The orchestration of power

Violence in the camp

"It was even more terrifying when our Lagerältester, the mentally deranged Georg, went on a rampage. One night I saw him smash a bed board over a prisoner’s head, then take his rubber baton and beat the man’s face until he had reduced it into a single bloody mess."
 

Violence in the camp

Violence was a regular occurrence in the three satellite camps of the Neuengamme concentration camp at Porta Westfalica. This all came down to the camp SS and its commandant Hermann Wicklein. But the soldiers who were assigned as guards and civilians also perpetrated in this violence. The SS used ‘kapos’ in the camp. These were prisoners with a role – in this case, keeping the other prisoners under control. At the head of the hierarchy of the prisoner functionaries were the Lagerälteste (camp leaders). In both Barkhausen and Lerbeck they were particularly known for their violent behaviour.

There was already a permanent form of violence in the camp – the inhumane living conditions. There was a perpetual lack of food supplies, facilities to wash and bathe, clothing and all other day-to-day essentials. In addition to this, there was also constant psychological torment, heightened by everyday procedures such as the camp roll call and the constant shouting of orders at the prisoners.

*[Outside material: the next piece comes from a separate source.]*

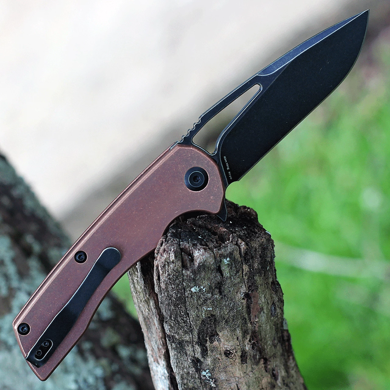 Kansept Knives Kryo K1001C2, 3.58″ CPM-S35VN Black Plain Blade, Copper Handle
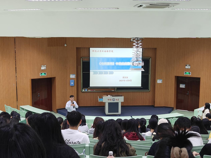 4月10日下午,beat365中文官方网站有幸邀请到江苏科技大学吾文泉教授,在和昌楼博雅讲堂举办了一场以“《哈姆雷特》疾病隐喻”为主题的学术讲座。我院22 级及 23 级全体在校生积极参与了此次学术活动。

Violence against prisoners was often deliberately orchestrated as an instrument of power. Corporal punishment was inflicted in the camp or the construction sites for alleged misconduct, such as poor work performance or giving the ‘wrong’ greeting. This was carried out in front of the gathered camp prisoners by the prisoner functionaries, all under the orders of the SS. Prisoners who attempted to escape and were caught were hanged from a makeshift gallows in the former ballroom of Hotel Kaiserhof.
On top of this, physical violence continually took place in everyday life in the camps and on the construction sites. Guards, civilian workers and prisoner functionaries would use their bare hands or objects to kick and beat the often already exhausted prisoners and urge them on.